Os efeitos do afinamento cortical nas participantes foram vistos em todo o cérebro, nos seis lobos e em ambos os hemisférios. Nos adolescentes do sexo masculino, porém, as alterações foram observados apenas no córtex visual. Patricia Kuhl, vice-diretora do I-Labs, acredita que essa diferença pode ser porque, geralmente, as meninas dão mais importância à interação social do que os meninos. 

Relacionamentos

"As adolescentes do sexo feminino geralmente dependem mais dos relacionamentos com outras meninas, priorizando a capacidade de se reunir, conversar entre si e compartilhar sentimentos. Os meninos tendem a se reunir para atividade física", destaca a neurocientista. Quando medido em termos do número de anos de desenvolvimento cerebral, a aceleração média foi de 4,2 anos em mulheres e 1,4 anos em homens. "O que a pandemia realmente parece ter feito foi isolar as meninas. Todos os adolescentes ficaram isolados, mas as meninas sofreram mais. Isso afetou seus cérebros de forma muito mais dramática", acredita Kuhl.

A pesquisadora observa que é improvável que o córtex cerebral ganhe espessura. Porém, há outras maneiras de o cérebro se recuperar, como passar a afinar mais lentamente ao longo do tempo. "É possível que haja alguma recuperação", diz Kuhl. "Por outro lado, também é possível imaginar que a maturação cerebral permanecerá acelerada nesses adolescentes." Ela destaca a necessidade de mais estudos. 

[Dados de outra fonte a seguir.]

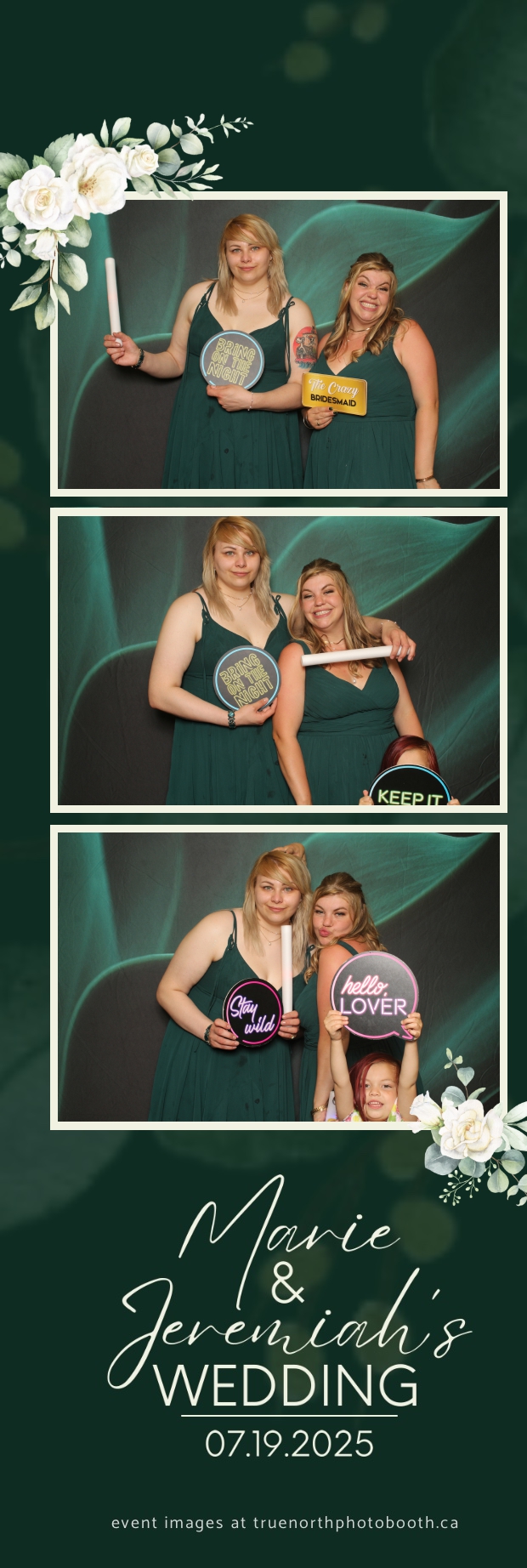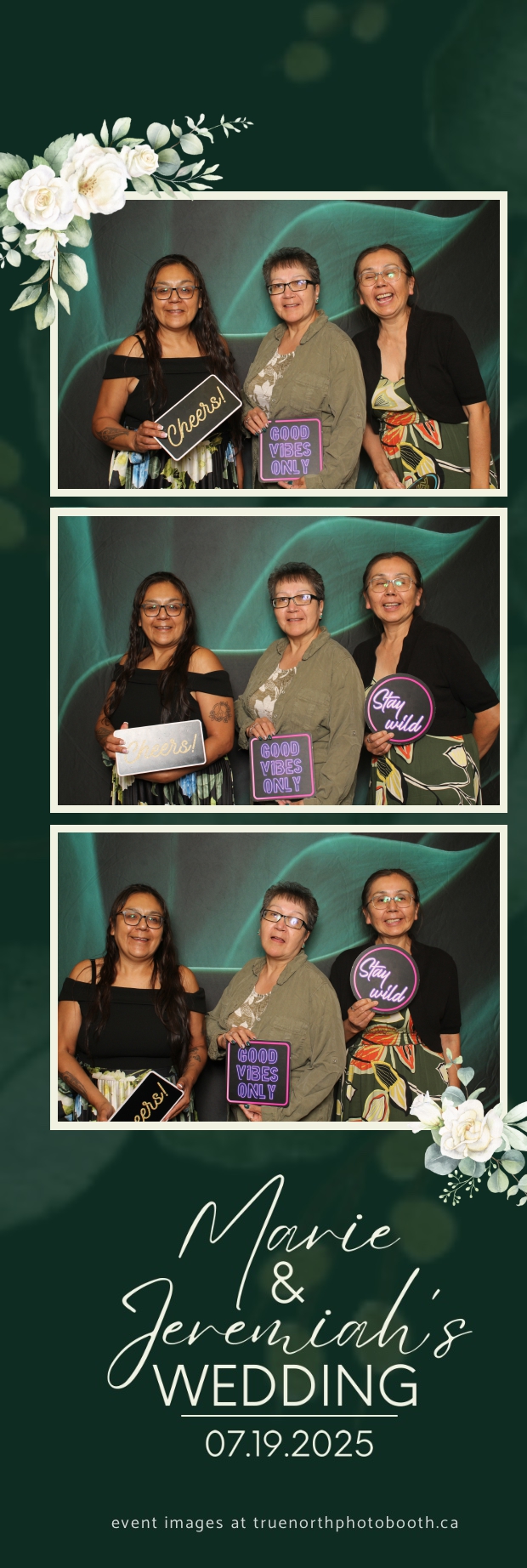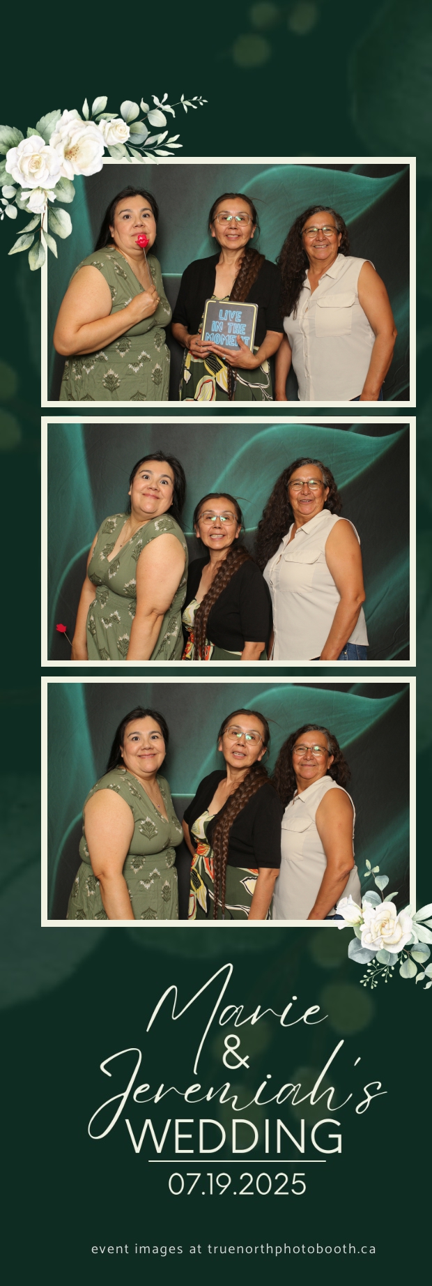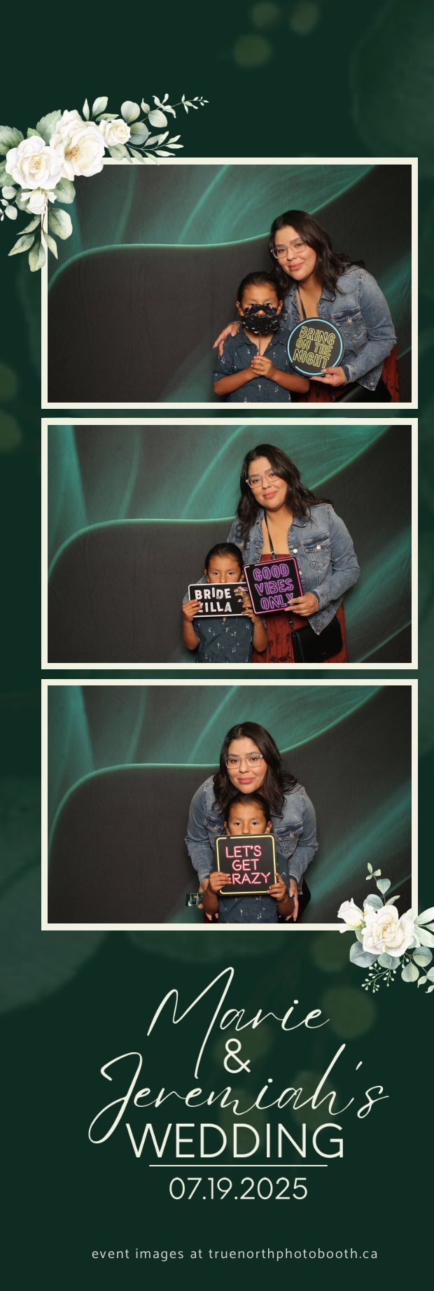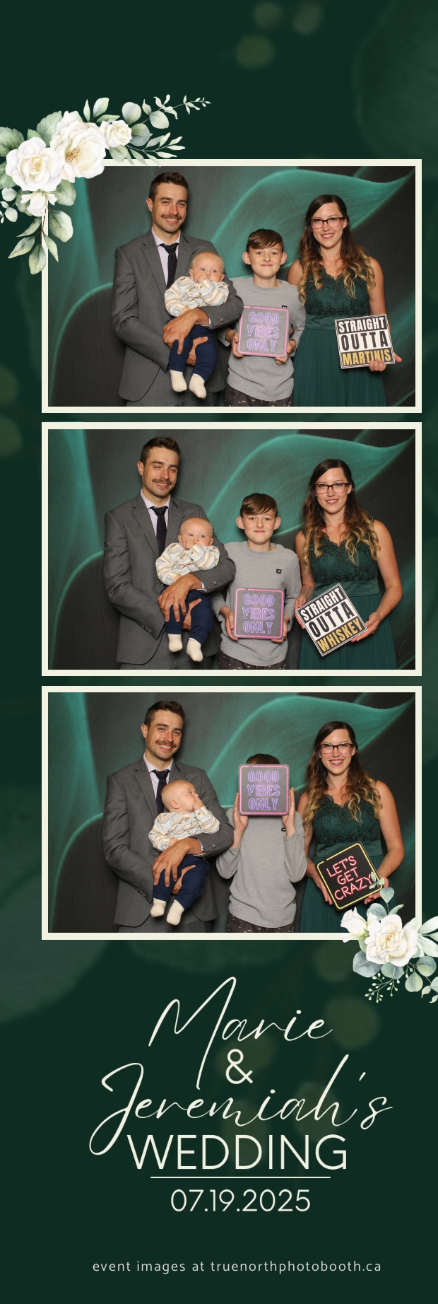 To match the refined atmosphere of the event, our elegant green pillow backdrops provided a lush, sophisticated setting that complemented the couple’s stylish wedding theme. With laughter, love, and countless photo-worthy moments, Marie & Jeremiah’s special day was a picture-perfect celebration made even more memorable with the True North Photo Booth experience.

Para Richard Bethlehem, professor de Neuroinformática da Universidade de Cambridge, no Reino Unido, os resultados precisam ser revalidados por mais pesquisas. "Primeiramente, as amostras são bem pequenas, então precisamos ser cautelosos para não generalizar essas descobertas para todos os adolescentes", diz. "Mesmo se essas mudanças sejam estabelecidas em estudos posteriores, mais trabalho precisa ser feito para avaliar quais fatores durante a pandemia são responsáveis por essas mudanças, pois há muitos outros, além do lockdown, que precisam ser considerados e estudados."

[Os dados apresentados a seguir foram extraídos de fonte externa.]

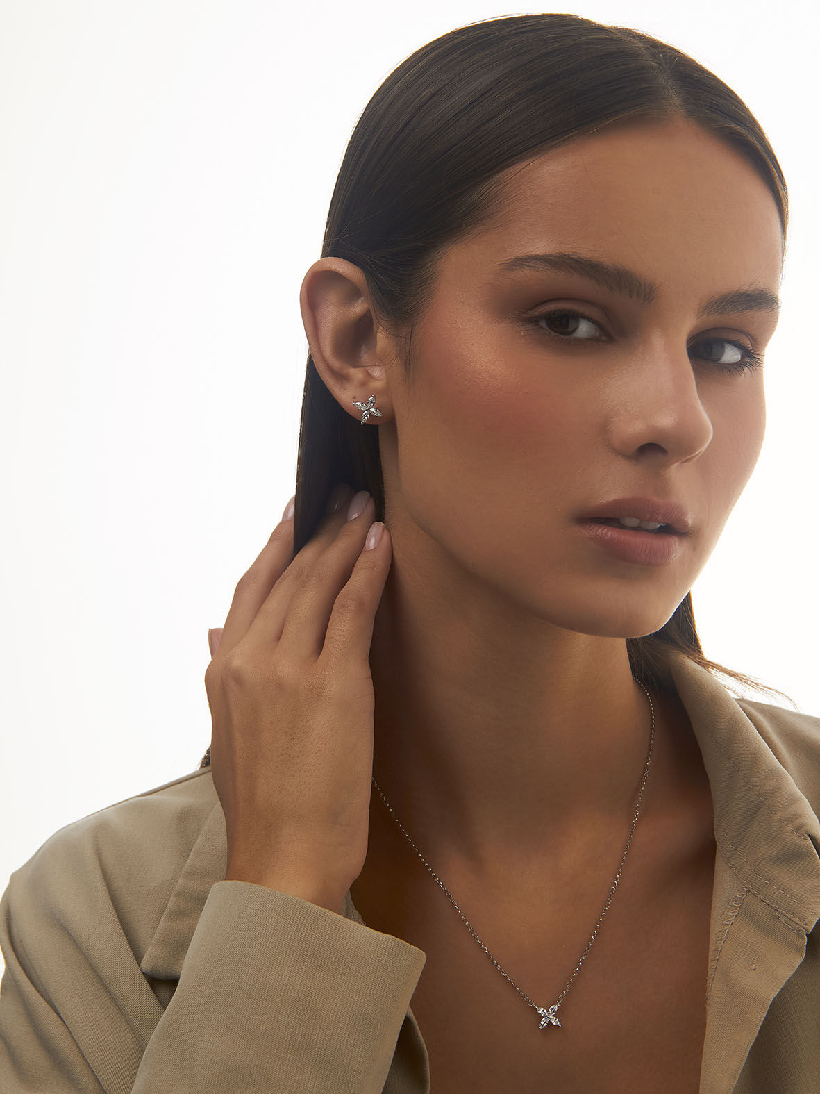 Пусеты для женщин из серебра 925 пробы с фианитами из коллекции Enigma артикул 2340205421 от компании KRASNOE
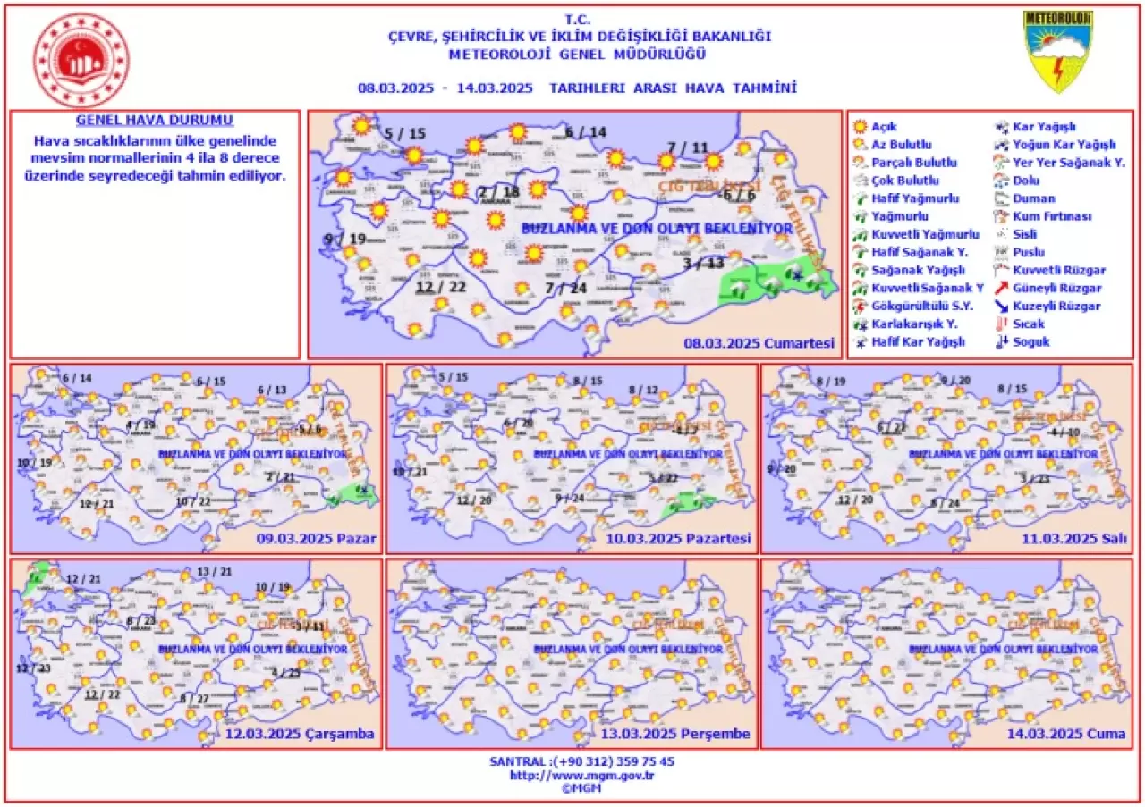 Meteoroloji Genel Müdürlüğü tarafından yapılan son tahminlere göre, önümüzdeki hafta da hava sıcaklıkları artmaya devam ederek, ülke genelinde mevsim normallerinin 4 ila 8 derece üzerinde seyredecek.
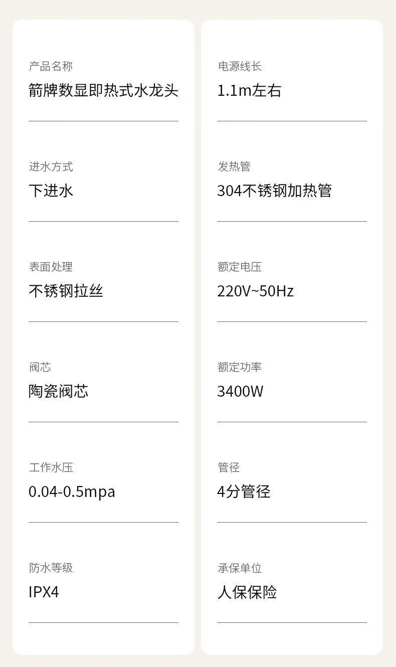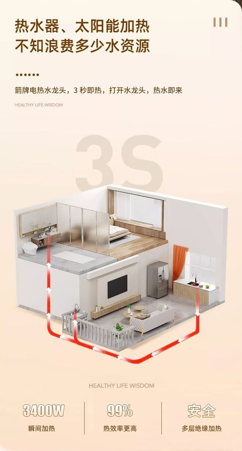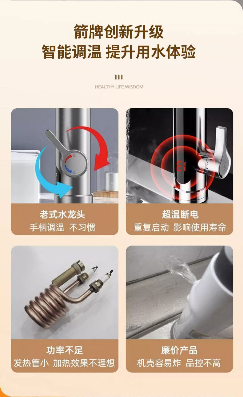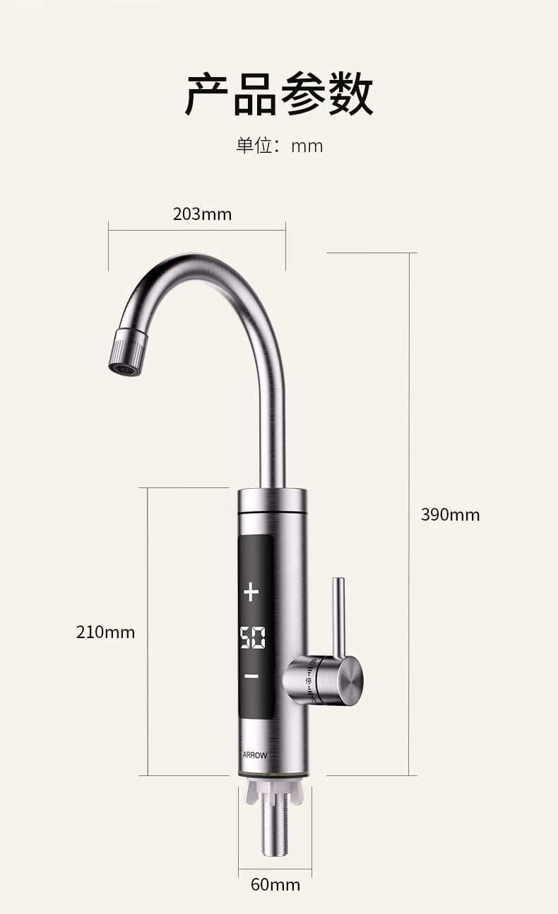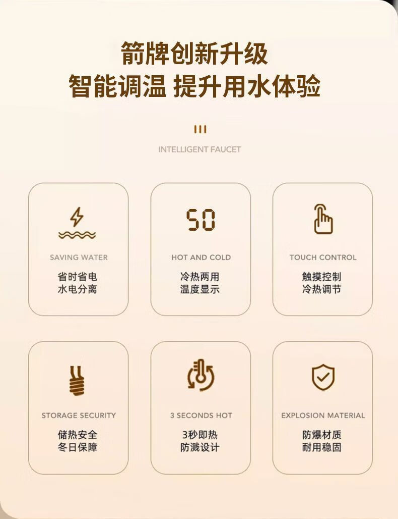 箭牌(ARROW)电热水龙头热水器即热式快速加热水龙头变频恒温厨房速热水龙头加热器 【即热款】白色+公牛插头

Ignacio Morgado, professor de psicobiologia da Universidade de Barcelona, na Espanha, lembra que doenças poderiam também provocar as mudanças morfológicas observadas nos participantes. "O estudo e seus resultados são de especial interesse porque abrem a porta para considerarmos e investigarmos possíveis fatores ambientais, incluindo processos infecciosos, que podem modificar a velocidade de maturação cerebral em adolescentes."

 


O que já se sabe, hoje, sobre os impactos do isolamento social na saúde mental de adolescentes?
Durante o isolamento, houve uma intensificação do contato com o próprio mundo interno, muitas vezes não mediado pelos laços sociais que ajudam a integrar desejos, angústias e defesas. O ambiente, que antes funcionava como um campo para projeções e identificações, foi limitado ao espaço doméstico, gerando um empobrecimento do "outro" como objeto de construção do sujeito.

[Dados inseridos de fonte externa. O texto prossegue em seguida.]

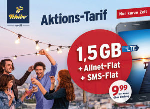1,5 GB Internet-Flatrate mit LTE-Geschwindigkeit ohne Folgekosten, Allnet-Flatrate zum Telefonieren sowie SMS-Flatrate für 9,99 Euro/ 4 Wochen – gültig für alle deutschen Netze und im gesamten EU-Roaming-Bereich. Mit dem Tchibo Aktions-Angebot bietet Tchibo mobil erstmals einen Tarif mit der inzwischen branchenüblichen vierwöchentlichen Abrechnung an. Die SIM-Karte kostet einmalig 4,99 Euro. Für die Mitnahme ihrer bisherigen Rufnummer erhalten Kunden einen Bonus von 30 Euro (nicht auszahlbar).
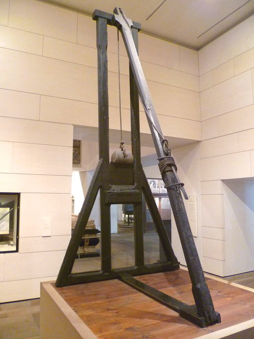 The person under sentence of death placed his head on a crossbar which is about four feet from the bottom. Lead weights weighing around 75 pounds (34 kg) were attached to the axe blade. The blade is guided by grooves cut within the inner edges of the frame. A peg, which is in turn attached to a cord, kept the blade in place. The executioner removed the peg by pulling sharply on the cord, and this caused the blade to fall and decapitate the condemned. If the condemned had been tried for stealing a horse, the cord was attached to the animal which, on being whipped, started away removing the peg, thereby becoming the executioner.
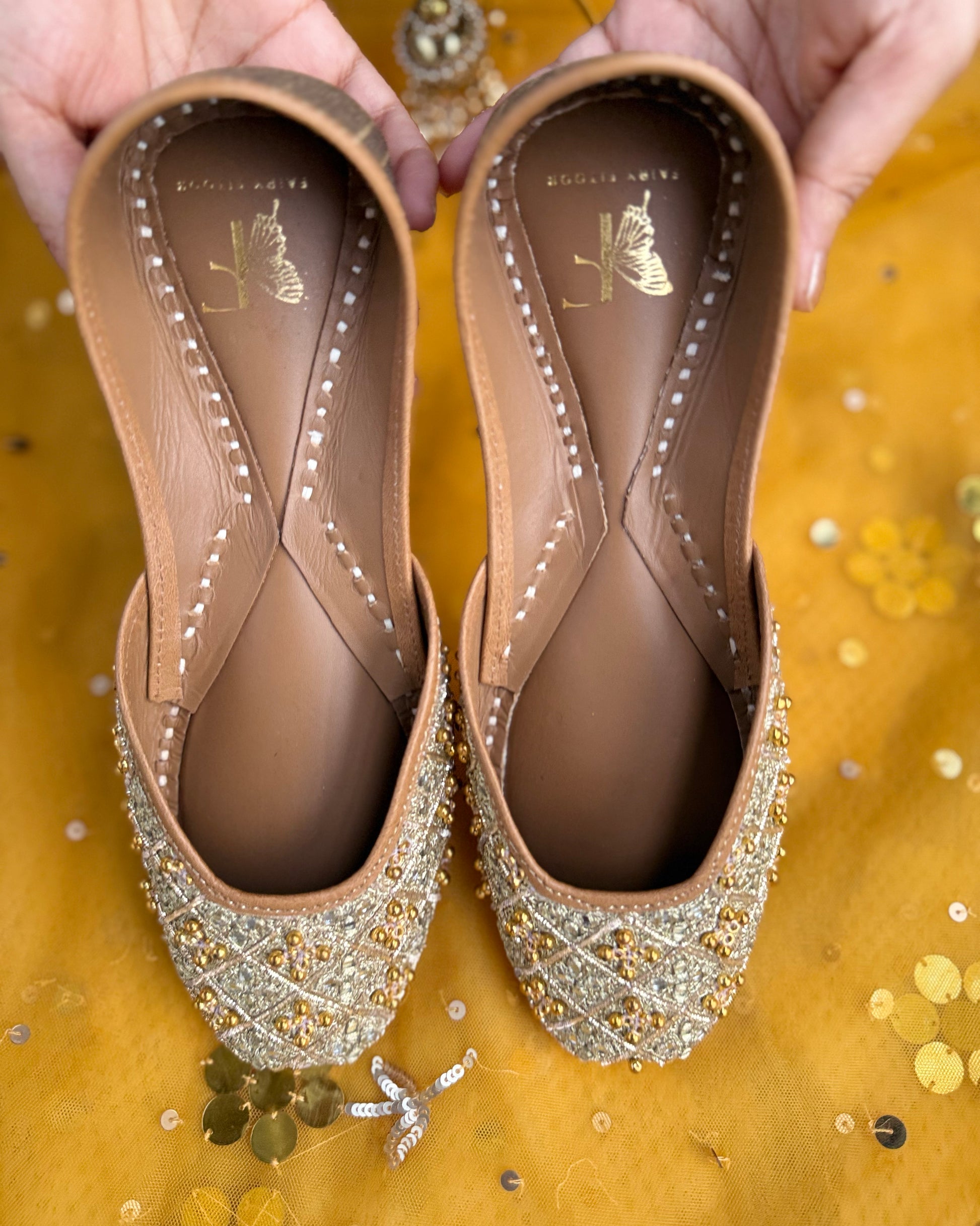 Upper: Adorned with ghungroos, mirrors, and intricate zari work for that extra golden shine, crafted on a luxurious silk base for a rich festive appeal.

Quais são as principais queixas, no consultório, de pessoas que eram adolescentes ou crianças na época do isolamento?
As principais queixas envolvem sentimentos de vazio, ansiedade generalizada, dificuldade de socialização, depressão e, frequentemente, uma sensação de "tempo perdido". Muitos relatam a experiência de uma paralisia emocional, como se o desenvolvimento tivesse sido interrompido, gerando dificuldades na transição para a fase adulta e na elaboração de experiências fundamentais para a formação de identidade.

É possível recuperar experiências que essas pessoas perderam devido ao isolamento?
Por meio da terapia, esses indivíduos podem reencontrar suas capacidades de simbolização, reintegrando as partes fragmentadas do eu. No entanto, essa recuperação não se dá no sentido de “recuperar o tempo perdido”, mas, sim, de criar novas formas de viver e elaborar o que foi experienciado como perda. Ressignificando e adquirindo novas experiências emocionas com essas emoções vividas.